WHAT YOU ARE ASKED TO DO: Return every entry exactly, except for any pictures.

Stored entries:
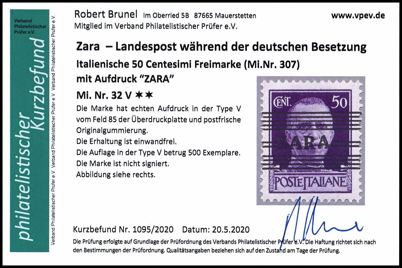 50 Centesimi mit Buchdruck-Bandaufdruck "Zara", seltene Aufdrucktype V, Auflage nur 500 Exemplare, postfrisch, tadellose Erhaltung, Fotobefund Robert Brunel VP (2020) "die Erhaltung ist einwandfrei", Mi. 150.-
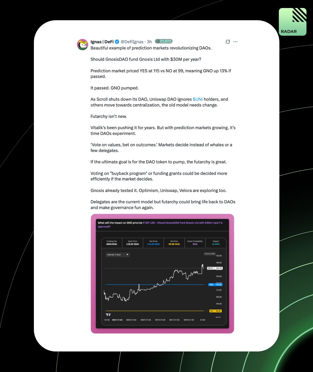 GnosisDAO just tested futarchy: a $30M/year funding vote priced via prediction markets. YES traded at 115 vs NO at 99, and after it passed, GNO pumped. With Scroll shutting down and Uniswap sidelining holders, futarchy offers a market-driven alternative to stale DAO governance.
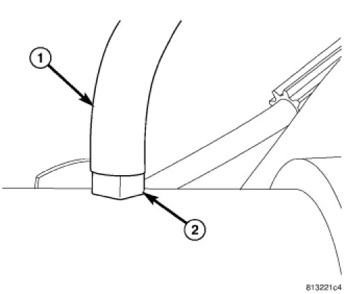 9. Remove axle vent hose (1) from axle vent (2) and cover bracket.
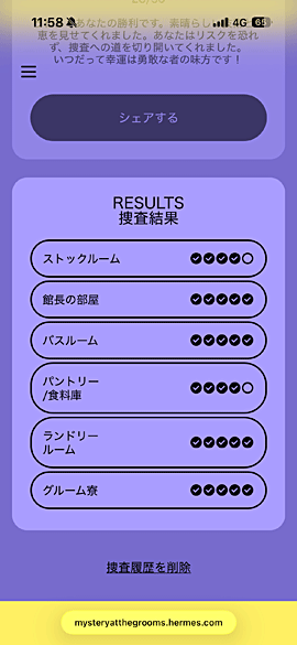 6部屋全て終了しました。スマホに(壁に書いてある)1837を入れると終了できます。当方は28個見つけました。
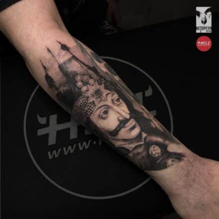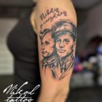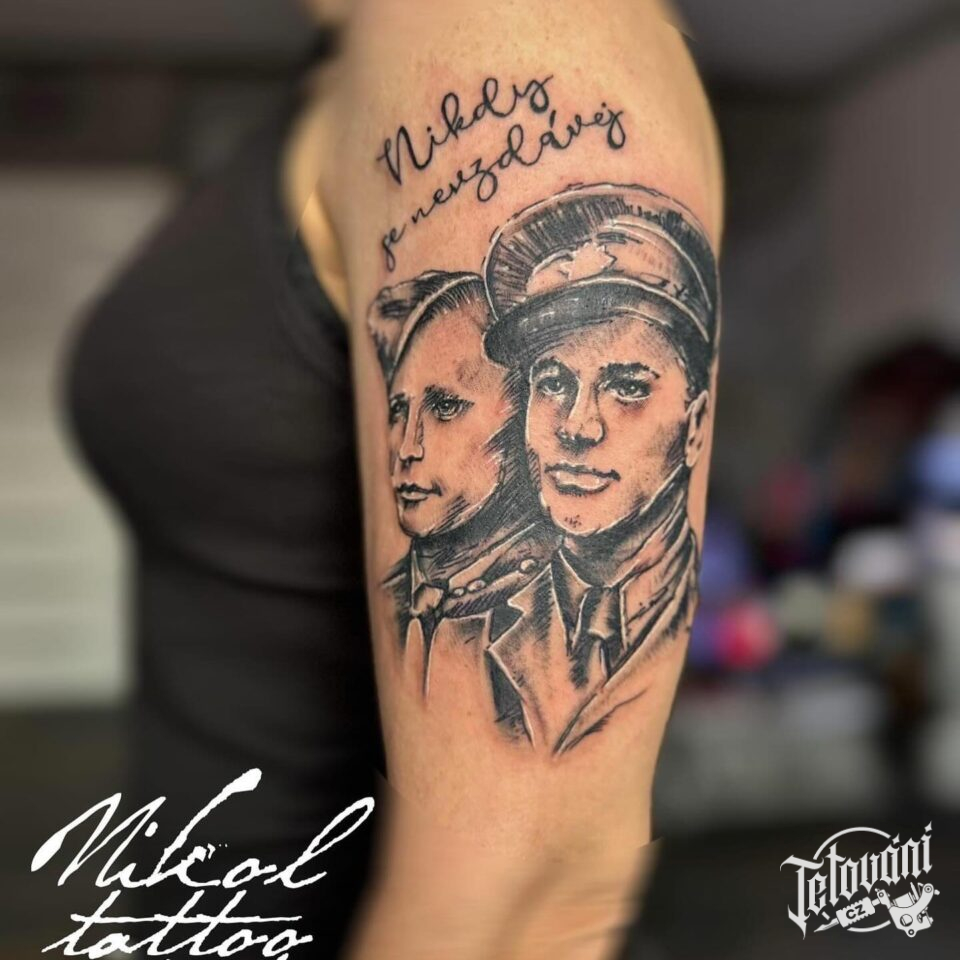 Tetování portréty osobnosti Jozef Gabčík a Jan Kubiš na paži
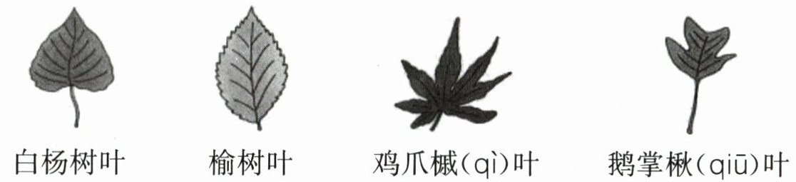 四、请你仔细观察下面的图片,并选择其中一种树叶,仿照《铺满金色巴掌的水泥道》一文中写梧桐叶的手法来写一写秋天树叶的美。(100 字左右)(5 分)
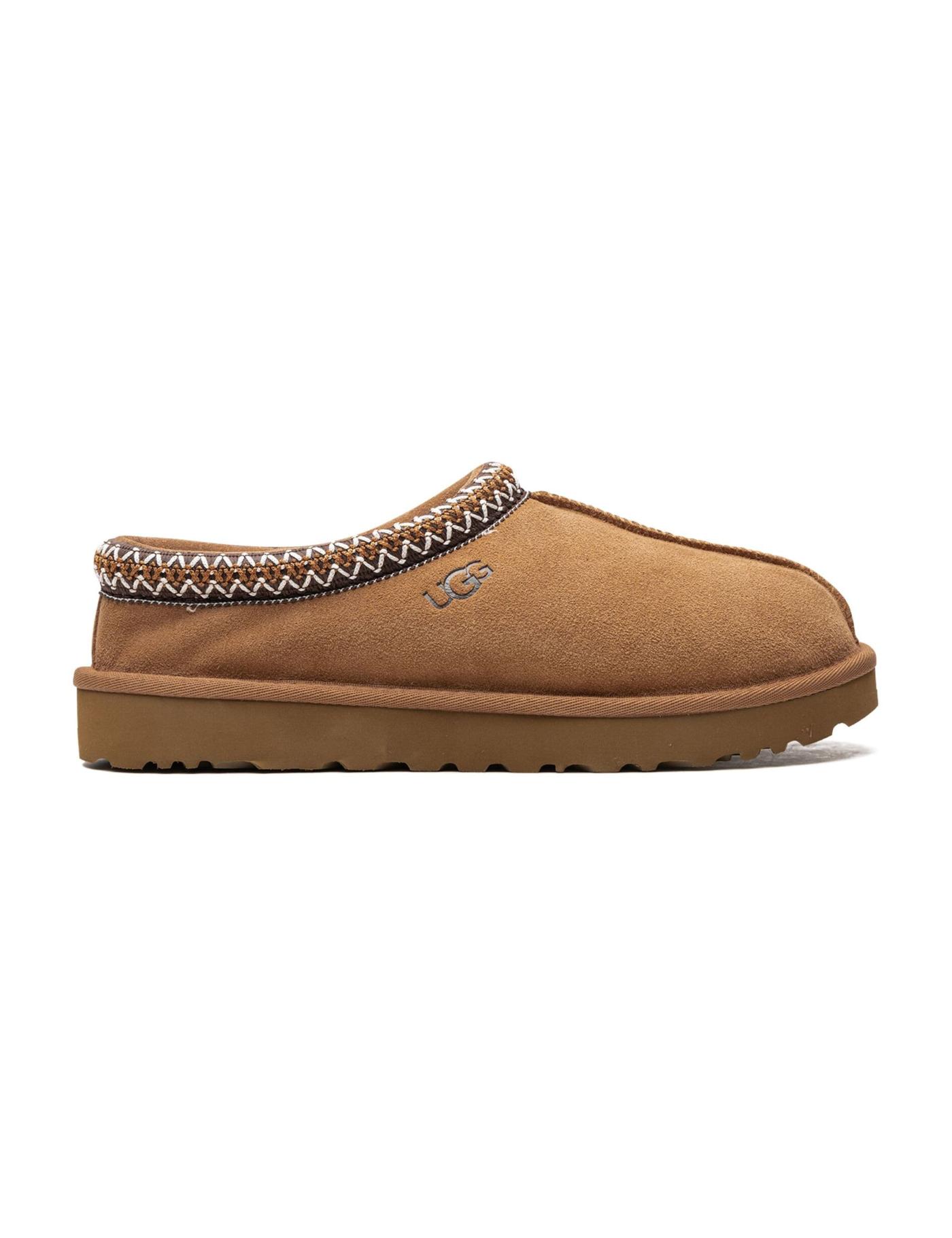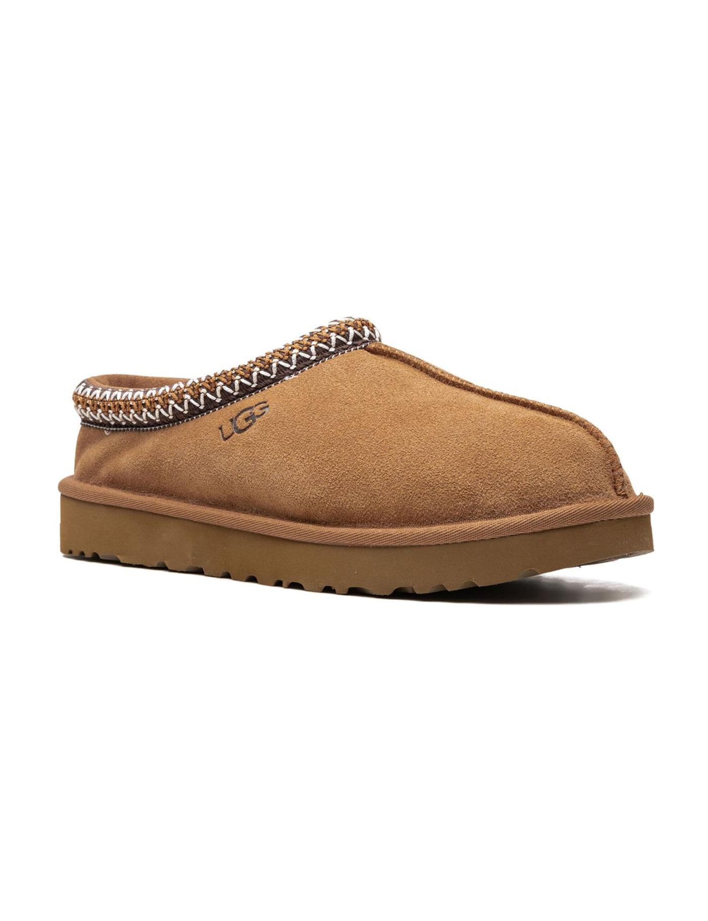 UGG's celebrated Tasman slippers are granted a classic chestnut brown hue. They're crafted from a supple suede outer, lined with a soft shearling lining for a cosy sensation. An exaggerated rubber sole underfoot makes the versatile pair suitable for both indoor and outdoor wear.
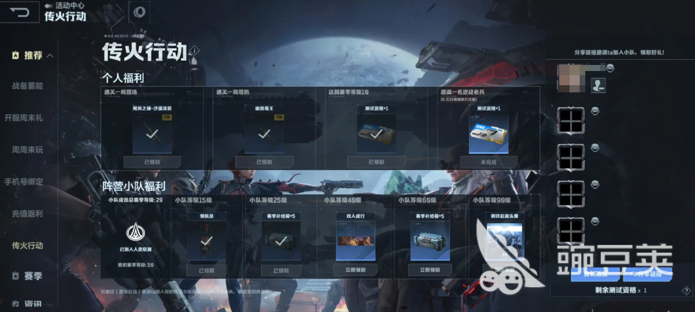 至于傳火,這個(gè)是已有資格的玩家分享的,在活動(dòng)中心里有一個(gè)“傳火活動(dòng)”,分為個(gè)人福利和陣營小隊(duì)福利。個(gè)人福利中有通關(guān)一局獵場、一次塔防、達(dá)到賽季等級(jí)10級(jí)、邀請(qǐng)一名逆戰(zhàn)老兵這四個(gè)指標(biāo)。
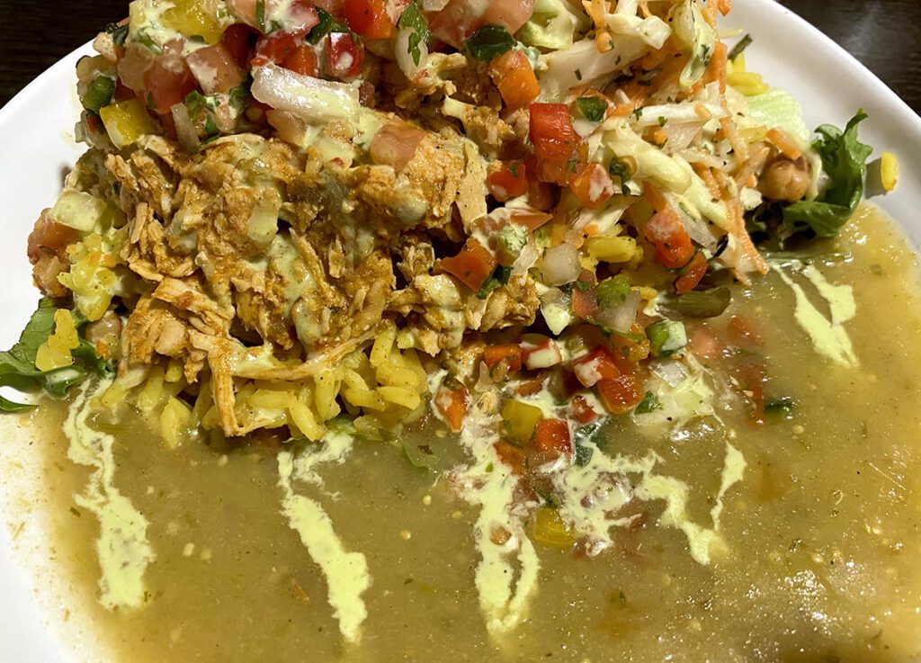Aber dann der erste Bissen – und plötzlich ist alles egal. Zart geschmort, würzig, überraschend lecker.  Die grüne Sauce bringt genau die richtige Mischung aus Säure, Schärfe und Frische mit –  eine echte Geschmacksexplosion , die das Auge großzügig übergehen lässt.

EXERCISE SOLUTION:
 50 Centesimi mit Buchdruck-Bandaufdruck "Zara", seltene Aufdrucktype V, Auflage nur 500 Exemplare, postfrisch, tadellose Erhaltung, Fotobefund Robert Brunel VP (2020) "die Erhaltung ist einwandfrei", Mi. 150.-
 GnosisDAO just tested futarchy: a $30M/year funding vote priced via prediction markets. YES traded at 115 vs NO at 99, and after it passed, GNO pumped. With Scroll shutting down and Uniswap sidelining holders, futarchy offers a market-driven alternative to stale DAO governance.
 9. Remove axle vent hose (1) from axle vent (2) and cover bracket.
 6部屋全て終了しました。スマホに(壁に書いてある)1837を入れると終了できます。当方は28個見つけました。
 Tetování portréty osobnosti Jozef Gabčík a Jan Kubiš na paži
 四、请你仔细观察下面的图片,并选择其中一种树叶,仿照《铺满金色巴掌的水泥道》一文中写梧桐叶的手法来写一写秋天树叶的美。(100 字左右)(5 分)
 UGG's celebrated Tasman slippers are granted a classic chestnut brown hue. They're crafted from a supple suede outer, lined with a soft shearling lining for a cosy sensation. An exaggerated rubber sole underfoot makes the versatile pair suitable for both indoor and outdoor wear.
 至于傳火,這個(gè)是已有資格的玩家分享的,在活動(dòng)中心里有一個(gè)“傳火活動(dòng)”,分為個(gè)人福利和陣營小隊(duì)福利。個(gè)人福利中有通關(guān)一局獵場、一次塔防、達(dá)到賽季等級(jí)10級(jí)、邀請(qǐng)一名逆戰(zhàn)老兵這四個(gè)指標(biāo)。
Aber dann der erste Bissen – und plötzlich ist alles egal. Zart geschmort, würzig, überraschend lecker.  Die grüne Sauce bringt genau die richtige Mischung aus Säure, Schärfe und Frische mit –  eine echte Geschmacksexplosion , die das Auge großzügig übergehen lässt.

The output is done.